Cacheman: A Comprehensive Last-Level Cache Management System for Multi-tenant Clouds
Your L3 is more configurable than you thought
Cacheman: A Comprehensive Last-Level Cache Management System for Multi-tenant Clouds
I learned a lot about the LLC configuration and monitoring capabilities of modern CPUs from this paper, I bet you will too.
Shared L3 in the Cloud
The problem this paper addresses is: how to avoid performance variability in cloud applications due to cross-VM contention for the last level cache (e.g., the L3 cache on a Xeon)? In a typical CPU, the L1 and L2 caches are private to a core, but the L3 is shared. In a cloud environment, the L3 is shared by multiple tenants, and is an avenue for a “noisy neighbor” to annoy its neighbors.
CAT and CMT
The work described by this paper builds upon Intel CMT and CAT. Cache Monitoring Technology allows the hypervisor to track how much of the L3 cache is occupied by each VM. Cache Allocation Technology allows the hypervisor to restrict a VM to only use a subset of the L3.
CAT allows a VM to be assigned to a cache level of service (CLOS), which defines the set of L3 ways accessible to the VM (this page defines the term “ways” if you are unfamiliar). A typical CPU used by a cloud service provider has more CPU cores than L3 ways. If a cloud server hosts many small VMs, then L3 ways must be shared amongst VMs. The key problem solved by this paper is how to reduce performance variability given this constraint.
Gradient-Based Sharing
Fig. 1 illustrates the assignments of CLOS levels to LLC ways advocated by this paper. Each row is a level of service, and each column is a way of the LLC cache. CLOS[0] can access all ways, CLOS[1] can access all LLC ways except for one. CLOS[7] can only access a single way of the LLC.

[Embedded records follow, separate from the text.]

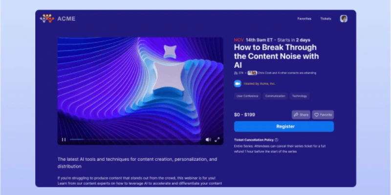 Tận dụng mọi điểm tiếp xúc, từ trang đăng ký ấn tượng đến không gian sự kiện sống động với phòng đợi tùy chỉnh và các cuộc thảo luận tương tác. Giữ chân họ bằng một trung tâm nội dung phong phú, biến người xem một lần thành người theo dõi trung thành.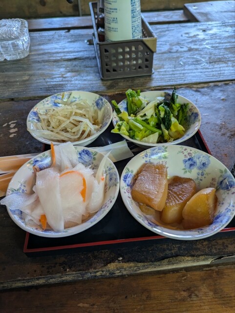 栃木の温泉に行きがてらに立ち寄りました。駐車場はお店の向かいに10~12台程度かな?ちょっと初見では分かりづらいかも!看板にあれこれぶら下がってたりするから。入口の扉は重くて開けにくいです入る前に建物の左手の台の上に名前を書き順番を待つようです。入ると囲炉裏端が2つ小上がりに。右手には大テーブルがあります。後に、後ろ側にも席があるようです。車の割には客数が居なかったから。注文は壁に店主の手書きで貼...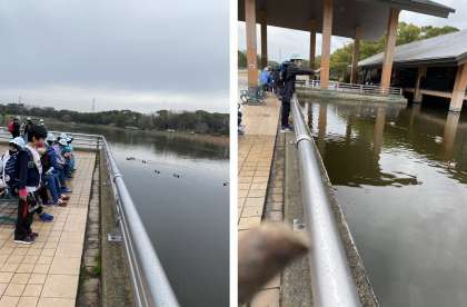 雨宿り場所近くの池にいる野鳥を観察をしています。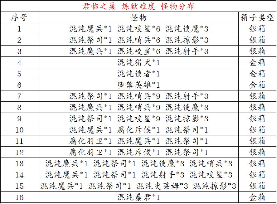 炼狱难度 副本路线:

The hypervisor uses Intel CMT to monitor how much of the LLC is occupied by each VM. Every 6 seconds the hypervisor uses this information to change the CLOS that each VM is assigned to.
The hypervisor computes a target LLC occupancy for each VM based on the number of cores assigned to the VM. This target is compared against the measured LLC occupancy to classify each VM into one of three categories:
Poor (the VM is starved for space)
Adequate (the VM is using just the right amount of cache)
Excess (the VM is hogging too much)
VMs in the poor category are de-suppressed (i.e., assigned to a CLOS with access to more LLC ways). Additionally, VMs in the excess category are suppressed (i.e., assigned to a CLOS with access to fewer ways), but this suppression only occurs when there are VMs in the poor category.
This policy means that cache-hungry VMs can use more than their fair share of the L3 during periods of low server utilization. This can lead to higher mean performance, at the cost of a wider standard deviation. The paper describes a 4th state (overflow), which is only applied to VMs that wish to be held back even if there is plenty of L3 space available. These VMs are suppressed when they are found to be using too much L3, even if all other VMs on the system are getting enough cache space.
Results
Fig. 5 shows a case where this strategy works well compared to static allocation. The server in question is running 5 VMs, each running a different application:
VM1 - 32 cores
VM2 - 16 cores (but doesn’t fully utilize those cores)
VM3 - 8 cores
VM4 - 4 cores
VM5 - 4 cores
The top of figure 5 shows a simple static partitioning of LLC ways. VM1 is assigned to 6 ways, VM2 is assigned to 3 ways, VM3 is assigned to 2 ways, and VMs 4 and 5 must share 1 way. They have to share because sharing based on the number of ways in the LLC is inherently coarse-grained.
The two charts show measured LLC utilization over 10 minutes. Notice the Y-axis. The technique described in this paper (Cacheman) allows VM4 and VM5 to use far more aggregate LLC capacity than the static partitioning. Also notice that in the static partitioning, VM5 always uses more LLC than VM4 (because they are running different applications), whereas Cacheman allows for a more even balance between them.
Dangling Pointers
While the L3 cache is logically a monolithic shared resource, it is physically partitioned across the chip (with a separate slice near each core). It seems like it could be more efficient if VMs could be assigned to nearby L3 slices rather than L3 ways.